Jimmy tries to understand ironingStu asked a very interesting question in response to my last post:

The risk for any new product as you mention is that of the unforeseen critical bugs generally addressed within the first few months after wide scale deployments. For Exchange 2007 I’d be interested in reading your views on what the risks are, if any, in this new release from running on 64bit OS through to the new product architecture.

The move to 64-bit clearly has built into it a set of risks of bugs. The key question is whether they are Exchange 2007 risks, Windows 2003 64-bit risks.

If they are Exchange 2007 risks then they are very new.

If they are Windows 2003 64-bit risks then they have been around for a while.

Windows 2003 64-bit has been running 64-bit applications for some time already; SQL Server 2005 was released in January 2006 for instance. Windows 2003 64-bit has been around since the middle of 2005. So the risks of there being a show-stopper in the critical memory and storage subsystems are likely to be quite. They should have probably been uncovered already. Although, having said that, I would be surprised if the Windows 2003 64-bit systems already deployed support anything like the 130 million existing Exchange population.
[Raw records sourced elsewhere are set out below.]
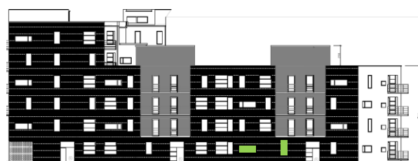
Gatufasad mot norr
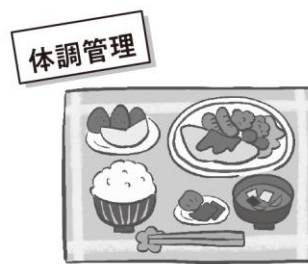
体調を整え丈夫な体を作ろう

運動会の練習も始まっています。疲れのたまる時期ですので、よりいっそう体調管理に努めてください。
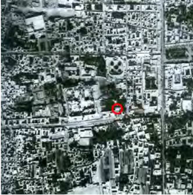
۱: عکس هوایی از بافت تاریخی طبس، قبل از زلزله ۱۳۵۷، مأخذ: سازمان نقشه برداری.

به نظر می رسد تأمل در این عکس ها، حداقل برای دو گروه، فرصت ها و زمینه های پژوهش را معرفی کند: معمارانی که به مهندسی بنا توجه خاص دارند و متخصصان شهری که به سامان دادن بافت های شهر، اهتمام می ورزند.
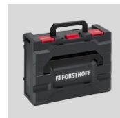
Obj.č. 7025 Přepřavní kufr systém metaBOX
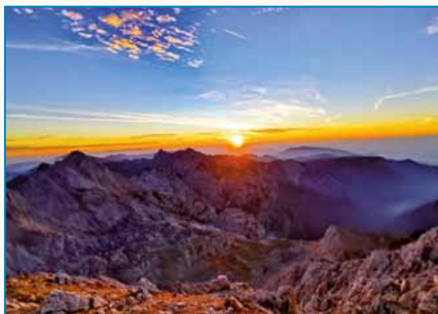
Karči osvaja slovenske vrhove stran 7
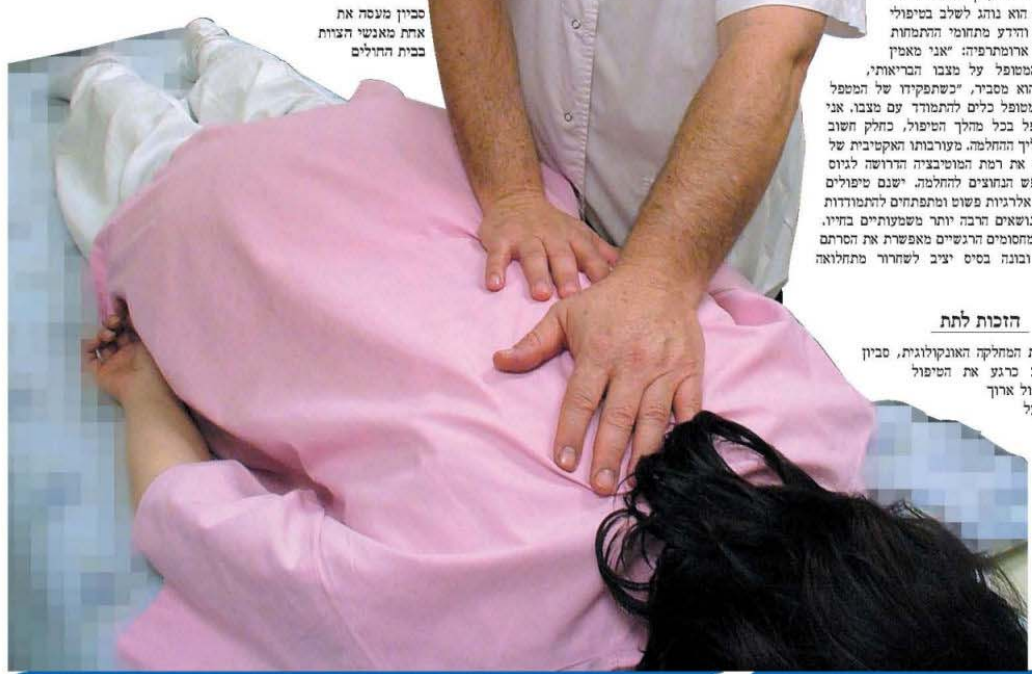
סביון מעסה את אחת מאנשי הצוות בבית החולים

It is the interaction of the Jet database with the memory and storage subsystems that have given Exchange the biggest problems in recent times.

So if we can have some level of confidence that the memory and storage subsystems are sound, what about the database itself?

I don’t know, but I suspect that the development team have been in the process of removing code here, rather than adding it in. The Exchange database had to perform all sorts of tricks to operate within the constraints of the 32-bit platform, a limitation that is not longer there. If the code has become simpler then it can probably be relied on even more, but now I sound like I’ve taken the cool-aid.

My perception is that overall the move to 64-bit will make life a lot simpler, it does however have a significant set of risks associated with it.